Reputation: 60311
I'm writing log statements to a file and want to prepend each line with the thread id that generated the statement.
It appears that GetCurrentThreadId function always returns a number <= 9999. So, can I assume I can always format the thread id into a four digit string? I'd like to keep the id short and a consistent length to make the log files easier to read.
GetCurrentThreadId returns a DWORD which could obviously contain big numbers.
Thanks.
Upvotes: 1
Views: 1081
Reputation: 67090
Short answer: no.
Actually for 32 bit applications the (virtual) limit is around 2k threads. For 64 bit applications it's around 14k threads.
Read this article as quick reference: https://learn.microsoft.com/en-us/archive/blogs/markrussinovich/pushing-the-limits-of-windows-processes-and-threads
This is the limit for the total number of threads (it's primary a problem of memory because of the stack of each thread) but there is not any rule about how thread ID is assigned (if your application creates a lot of short living threads then you may overflow this assumption).
Upvotes: 3
Reputation: 1374
Why not write it as hex it will fit nicely in 8 digits then?
//Edit (Can't count!)
Upvotes: 3
Reputation: 354516
Give it another character space.

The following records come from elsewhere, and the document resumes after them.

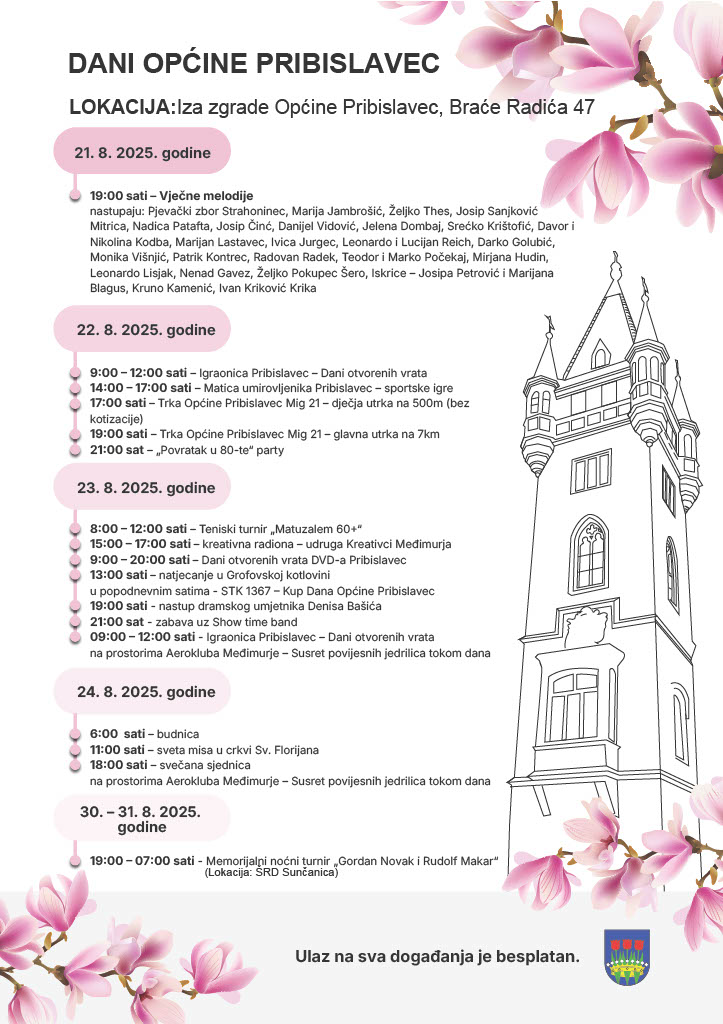 Sva događanja održat će se iza zgrade Općine Pribislavec, na adresi Braće Radića 47.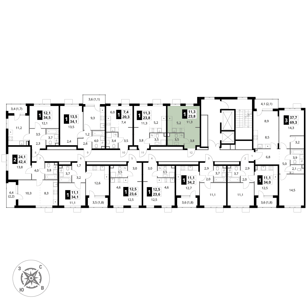 11 м²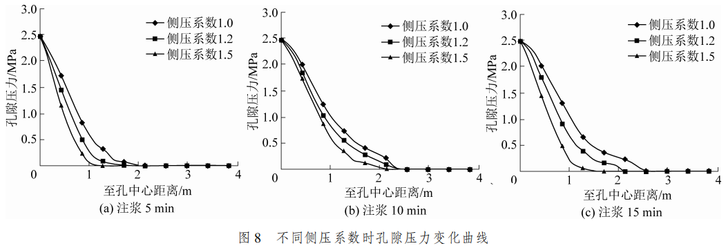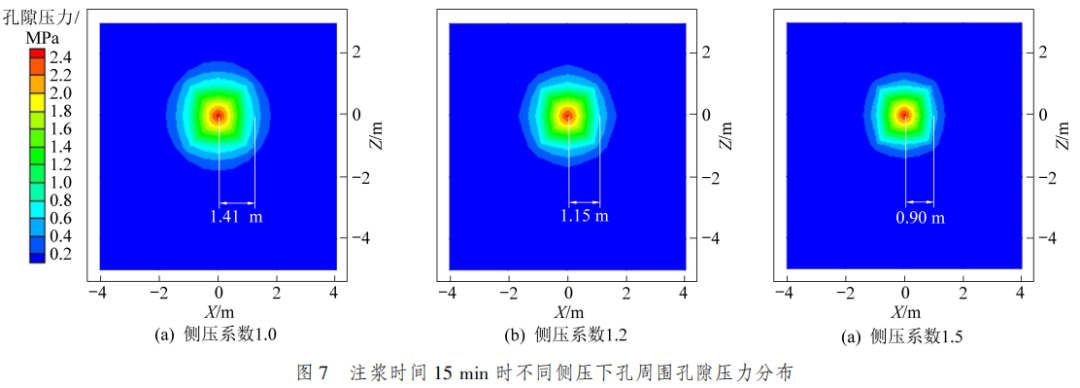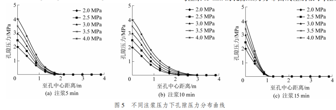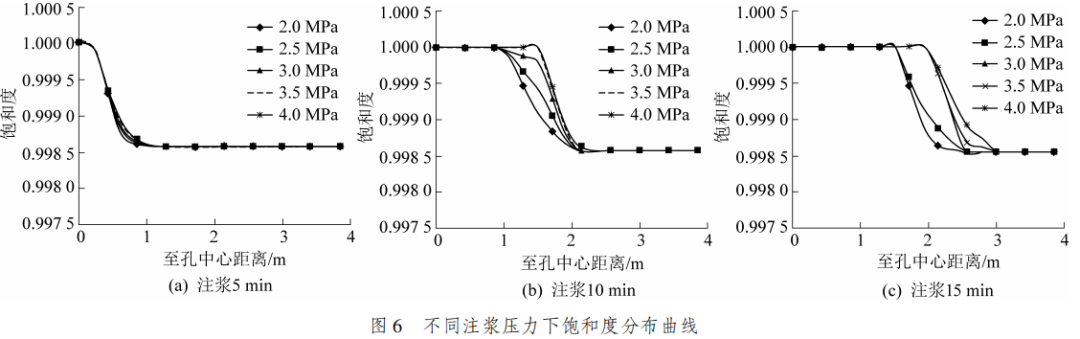 以此參數(shù)為基礎(chǔ),通過數(shù)值模擬試驗揭示了注漿孔周邊孔隙壓力分布與飽和度變化規(guī)律,分析了掘進工作面不同應(yīng)力狀態(tài)對漿液擴散的影響,對比了不同注漿壓力下孔隙壓力和飽和度分布曲線,發(fā)現(xiàn)應(yīng)力狀態(tài)對漿液最大擴散半徑影響較小,提高注漿壓力能在一定時間段內(nèi)提高注漿效率,但并不能顯著提高漿液擴散半徑。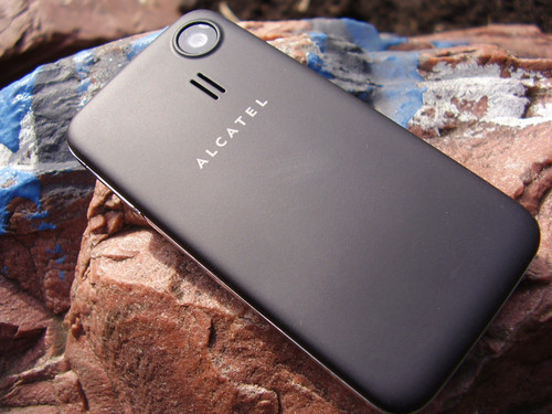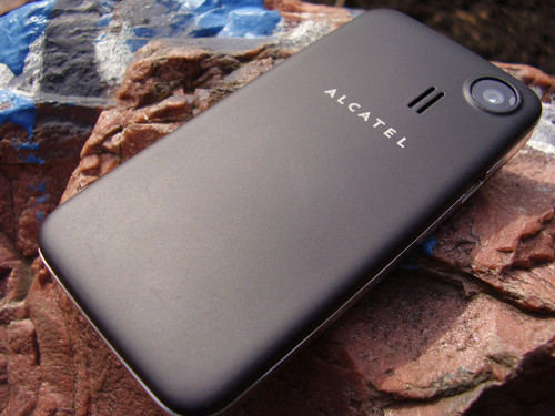 На тыльной стороне новинки расположена 1,3-мегапиксельная камера, а также сеточка динамика громкой связи. О функционале камеры мы расскажем отдельно, а что касается динамика, в Alcatel OT V-770 он стандартен – громкости вполне достаточно, чтобы расслышать мелодию входящего звонка даже в очень шумном месте.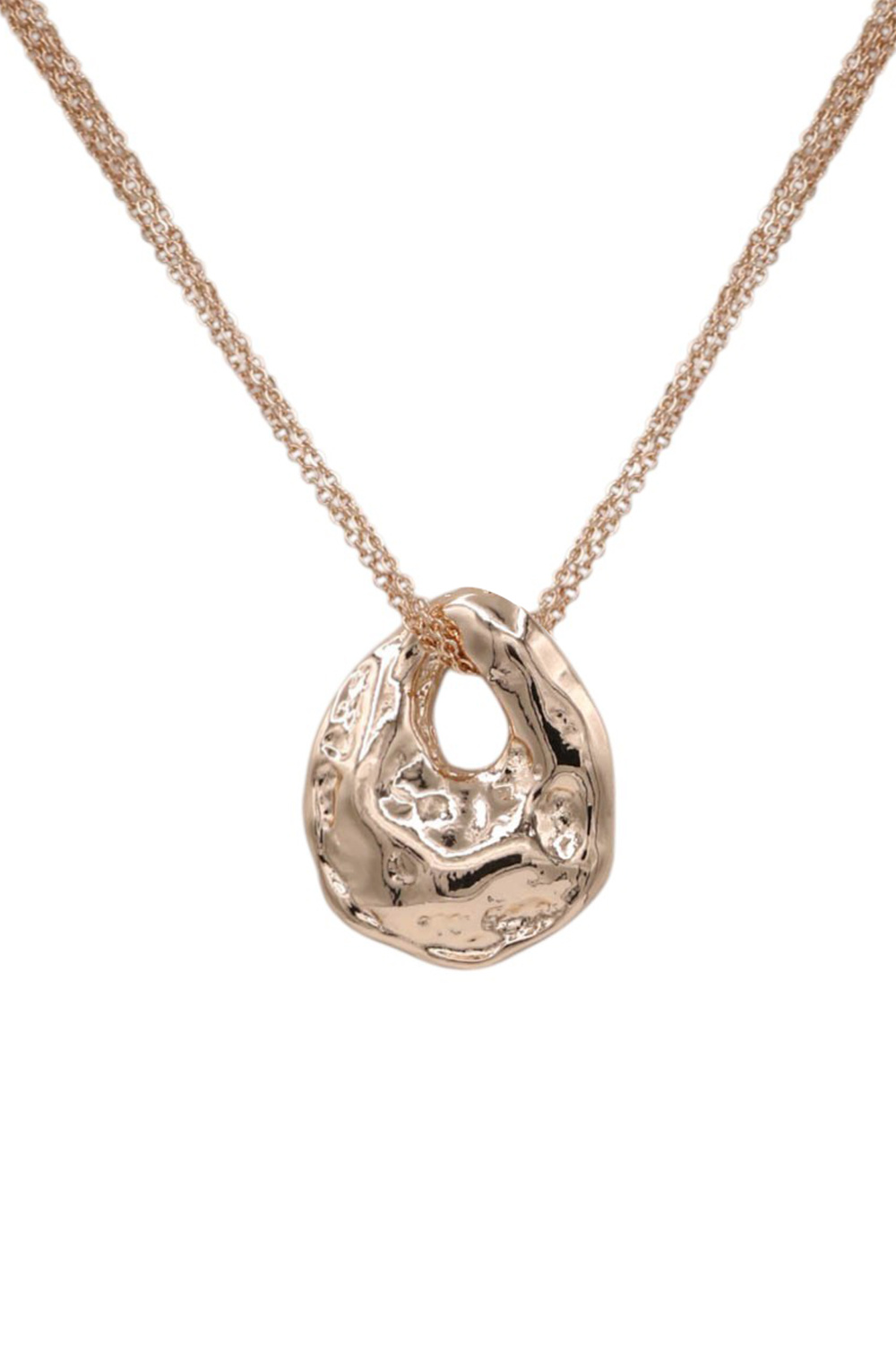 - A striking pendant necklace featuring an organic, molten-inspired textured design for a bold, modern look. Lightweight and versatile, this piece adds artisanal charm and visual interest to both everyday and dressy outfits.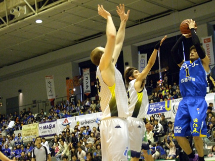 両日とも信州の得点を八十点以下(十四日=86対59、十五日=82対68)に抑えた滋賀。キャプテンの小川伸也選手は「自分たちのプレーをしっかりやろうと話し、慌てずプレーできたことが良かった」と振り返り、「今、僕たちは何としても勝ちがほしい順位なので、(西地区二位の)大阪との直接対決で連勝できるよう気持ちを高めたい」と現状に甘んじることなく、優勝目指して一直線に突き進む。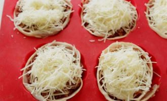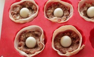 Формочки для кексов наполовину наполнить подготовленным фаршем.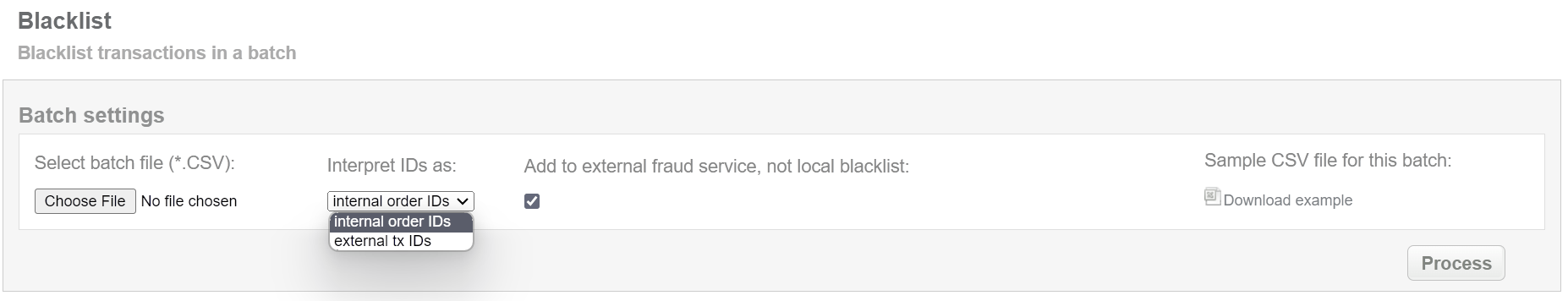 This batch operation, in according to specified input, puts cards in blacklist or external fraud system if such is set up. Collect the order IDs, assigned by Fortechlab system to the CSV file and upload it to blacklist card of selected transactions. An example of CSV file for upload is available on the same screen.

It won't kill you and thread IDs are, as you mention, a DWORD and thus could be larger.
Upvotes: 1
Reputation: 24895
The MSDN page of GetCurrentThreadID says:
the thread identifier uniquely identifies the thread throughout the system.
So the thread id is unique across the system and not just your process, in which there is a good possibility that, it might at some time, return a value greater than a 4 digit decimal number.